POIs have been an emerging data source for mobility studies at both population and individual levels. Attributes pertaining to popularity or visiting patterns indicate floating population size visiting a POI within a given time period. For instance, Google Maps represents POI popular times through statistically estimated and real-time visiting population sizes (e.g., via average or real-time mobile phone signals, respectively) on each hour and day. Such ambient population information on a fine spatiotemporal scale can benefit research on understanding city-level dynamics of population and mobility. POI-based floating population data are semantically richer than cellphone based data provided and monetized by telecommunication companies. Even though the accuracy of a mobile phone user’s location tracking has been improved through GPS and WiFi positioning on top of cell tower triangulation, uncertainty exists in inferring which place is actually visited by the user, especially in city centers and buildings with a multitude of shops and services. In contrast, POI-based data such as popular times on Google Maps utilize both location tracking and search history for places obtained from millions of users, which may enable more accurate inference of a user’s POI visits (D’Zmura, 2020). Such POI-based mobility data have become useful to understand dynamic urban phenomena and apply practices in public/private sectors regarding daily mobility behaviors, transport engineering (e.g., taxi demand prediction; Askari et al., 2020), infectious disease dynamics (e.g., COVID-19 transmission; Psyllidis et al., 2021; Zhang et al., 2022), tourism planning (e.g., Shi et al., 2020), disaster management (e.g., Podesta et al., 2021), and public service optimization (e.g., predictive policing; do Rêgo et al., 2020).
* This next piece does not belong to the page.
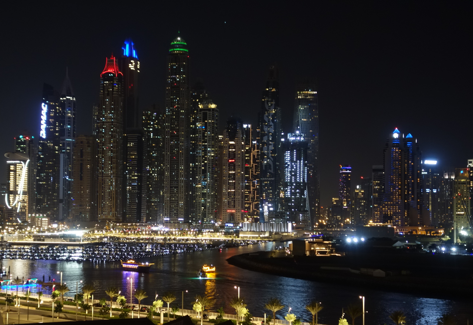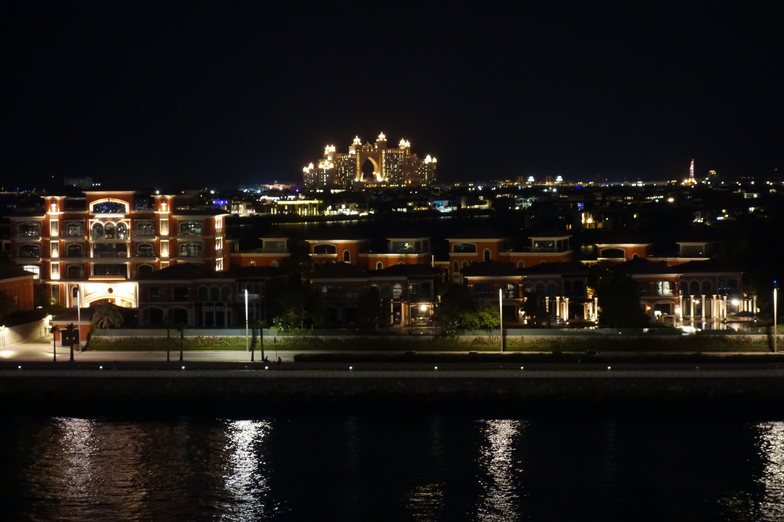 Ein langer Tag mit 2 tollen Ausflügen geht zu Ende. Noch kein Ende aber haben an der Steuerbordseite die Yachten mit ihrem optischen und akustischen Kräftemessen gefunden. Sie schwimmen noch lange die flüssige Flaniermeile auf und ab. Und in der Ferne leuchtet das Hotel Atlantis markant am Ende der künstlichen Palmeninsel.

4.3 Development of human settlements

Recently, the United Nations (UN) published the 2030 Agenda for Sustainable Development, listing the pathways towards healthier, safer, and more inclusive human environments (United Nations, 2016). Specifically, regarding the resilient and sustainable development of human settlements (i.e., Sustainable Development Goal, SDG11), a number of targets and corresponding indicators to evaluate their achievement have been developed. Indicative examples include safe and inclusive access to amenities, such as public transport systems, green and public spaces (targets 11.2 and 11.7, respectively), and the fostering of participatory and integrated human settlement planning (target 11.3). Relevant indicators revolve around metrics, such as the proportion of population having convenient access to public transport and greenspaces and average shares of built-up areas. From a POI perspective, these SDGs call on an inquiry into the potential role of POI data in building customizable and context-specific indicators that account for different age and societal groups, people’s needs and preferences. Moreover, it remains to be explored whether the availability of reliable POI data can foster the capacity for participatory, integrated, and sustainable human settlement planning.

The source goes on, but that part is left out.